Por tanto, con fundamento en lo expuesto, la Sala considera procedente rebajar la pena en los términos del artículo 66 del Código Penal , regla 2.ª, conforme a la cual 'Cuando concurra sólo alguna circunstancia atenuante, los Jueces o Tribunales no podrán rebasar en la aplicación de la pena la mitad inferior de la que fije la Ley para el delito.'. Imponiendo por ello, y tomando en cuenta las particulares circunstancias del caso, la pena de multa de 5 meses y la de privación del derecho a conducir vehículos a motor y ciclomotores durante 18 meses.
TERCERO.- Al no apreciar temeridad o mala fe, de conformidad con lo dispuesto en los artículos 239 y 240.1º de la Ley de Enjuiciamiento Criminal declaramos las costas de oficio.
Vistos los artículos citados y demás de general y pertinente aplicación.

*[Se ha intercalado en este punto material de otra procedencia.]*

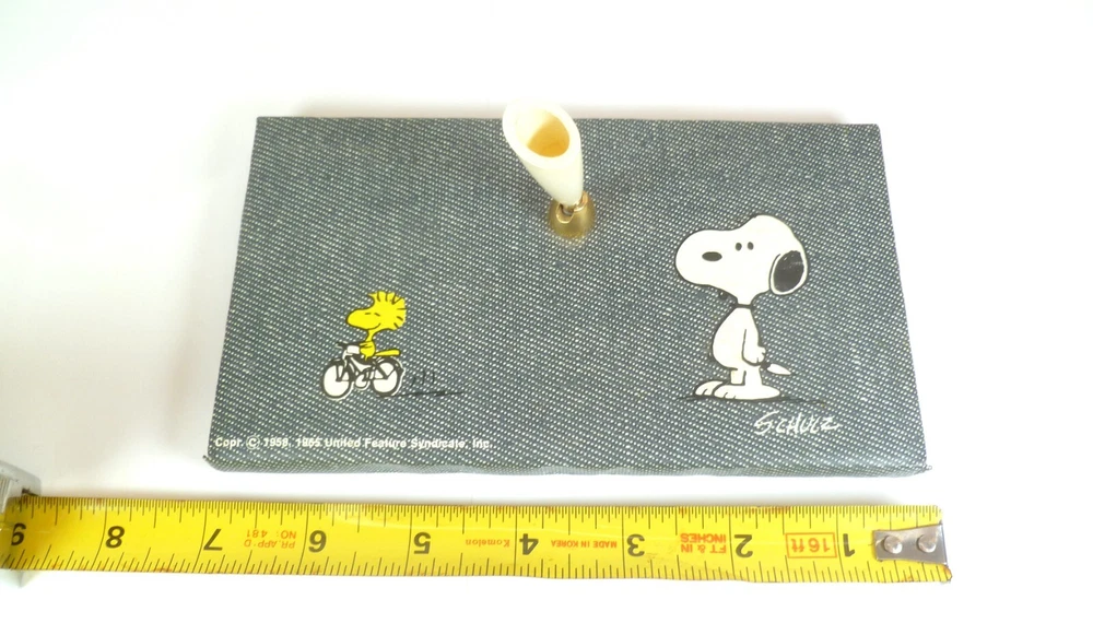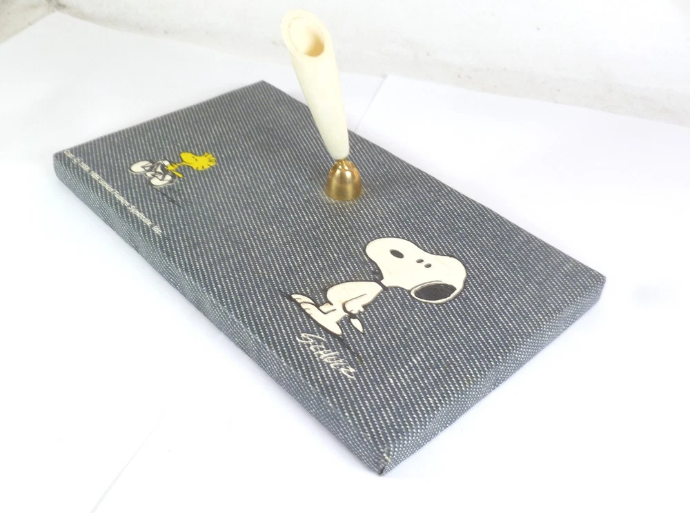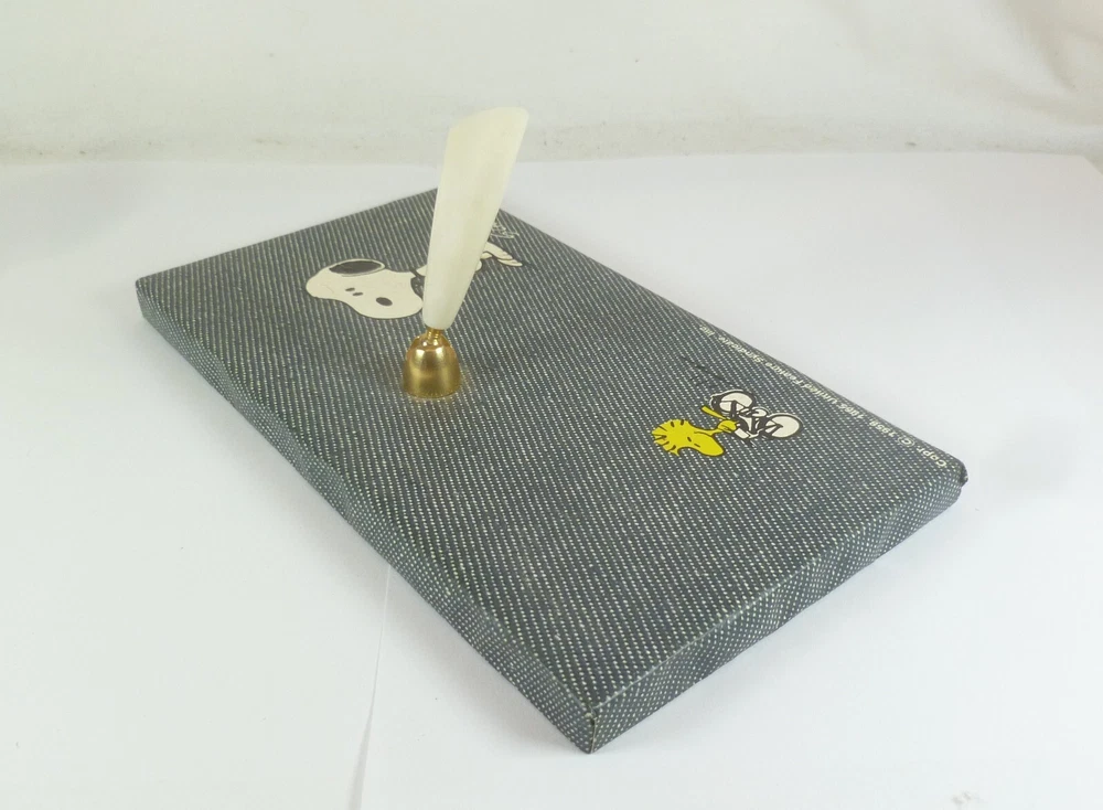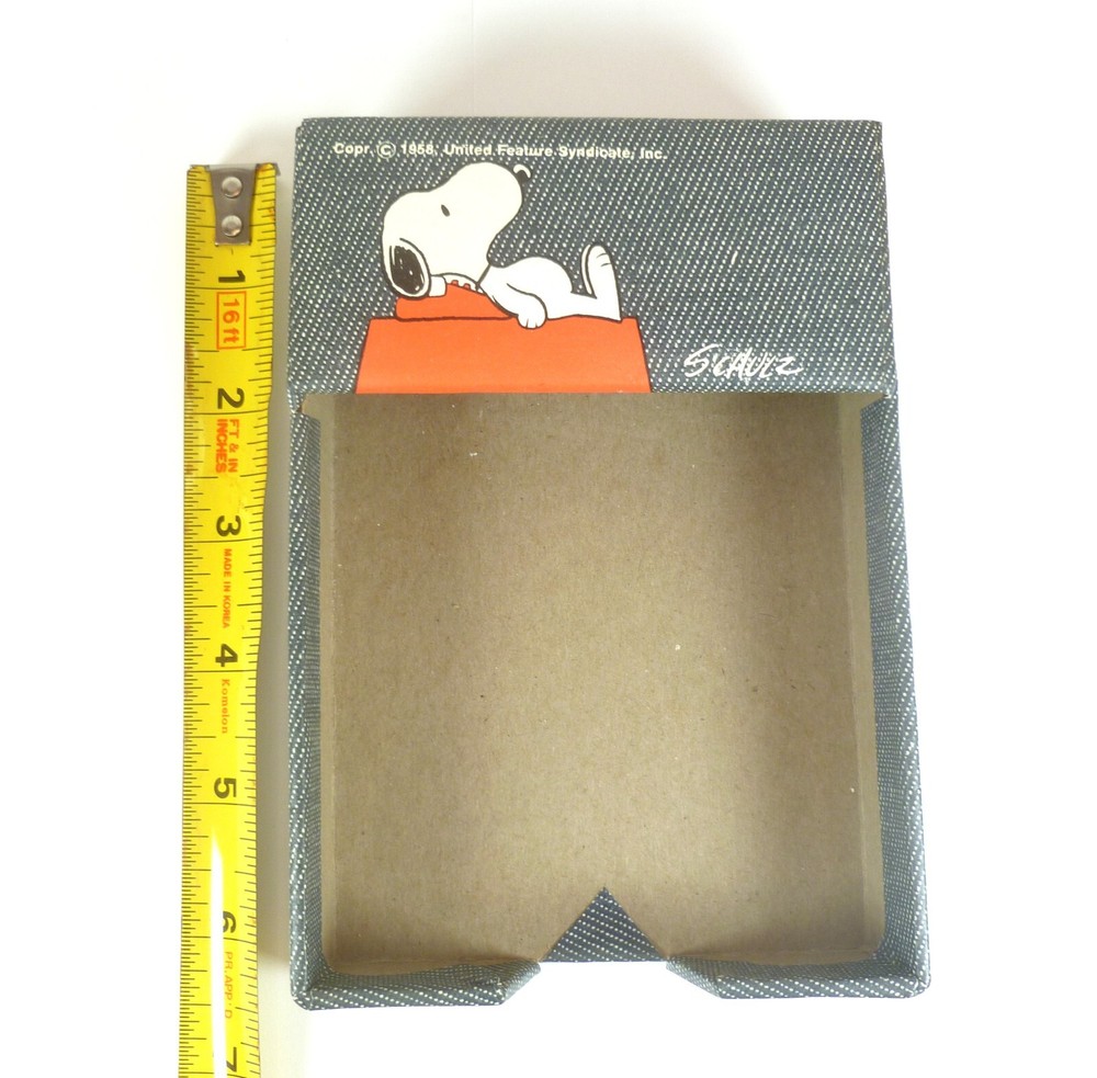 Up for sale is 2 matching Snoopy Desktop Accessories. A pen holder and a notepad holder. The pen holder measures 7" X 4" and has bubbling to the surface. The notepad holder measures 6 1/4" X 4 1/4"....the inside of the notepad holder is for 6" X 4" paper/pad.
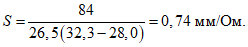 Пример 1. Определить чувствительность омметра, погрешность которого нормирована в процентах от длины рабочей части шкалы, при показании 30 Ом. Длина рабочей шкалы омметра L = 84 мм, ей соответствует 26,5 делений равномерной шкалы.
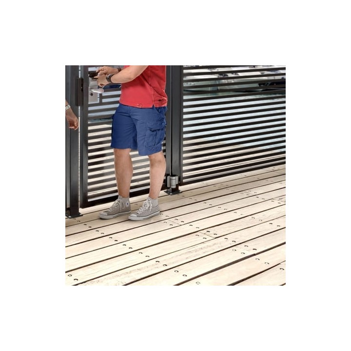 La charnière Dino est une charnière à double roulements dans un coffre en aluminium. Grâce aux roulements inoxydables vous ouvrez avec souplesse et confort des portes. Montage facile et rapide avec Quick-Fix.
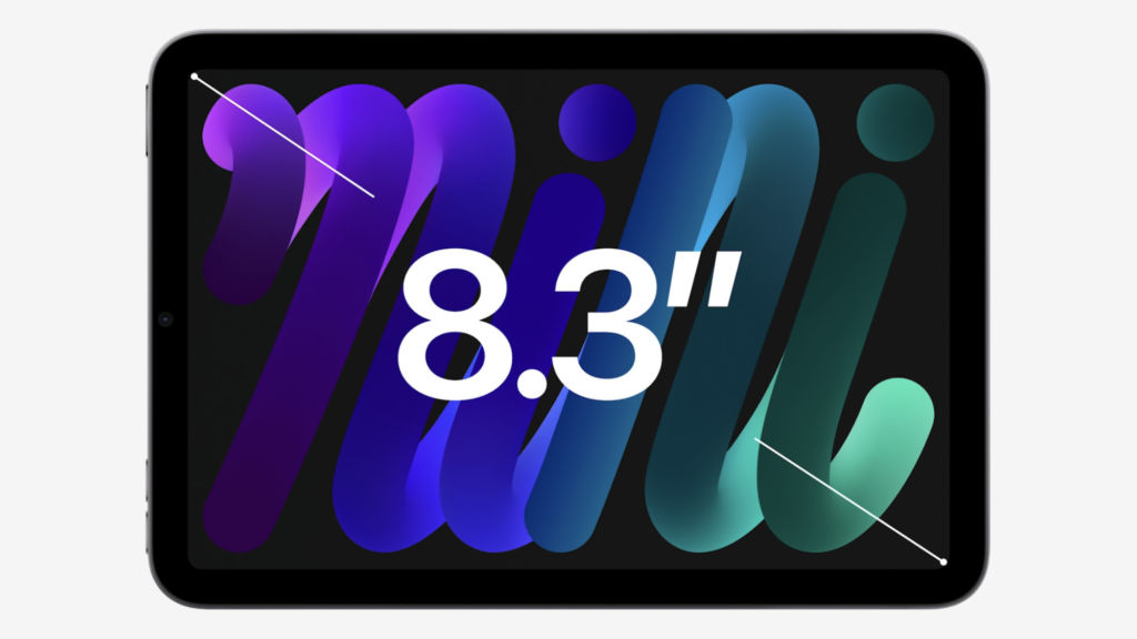 Designmässigt har Apple skalat bort en del av kanterna runt enhetens skärm. Något som innebär en aningen större skärmyta samt att Ipad Mini numera kommer utan någon fysisk hemknapp. Retina-skärmen mäter in på 8,3 tum och har en maximal ljusstyrka på 500 nits.

En nombre de S.M. el Rey y por la autoridad que nos confiere la Constitución Española
Fallo
Que estimamos parcialmente el recurso de apelación interpuesto por Maximiliano y revocamos parcialmente la sentencia dictada en esta causa en el sentido de considerar que en el delito contra la seguridad vial por conducción bajo la influencia de bebidas alcohólicas por el cual fue condenado concurre la circunstancia modificativa de la responsabilidad criminal atenuante de dilaciones indebidas del artículo 21.6º del Código Penal y, en consecuencia, rebajamos las penas a la de multa de 5 meses con cuota diaria de 6 euros, con responsabilidad personal subsidiaria , y de privación del derecho a conducir durante 18 meses , manteniendo el resto.Esta sentencia es firme.
Devuélvase la causa al Juzgado de su procedencia, con sus piezas y efectos, si los hubiere.
Así por esta nuestra sentencia, de la que se unirá testimonio al Rollo de Sala, lo pronunciamos, mandamos y firmamos.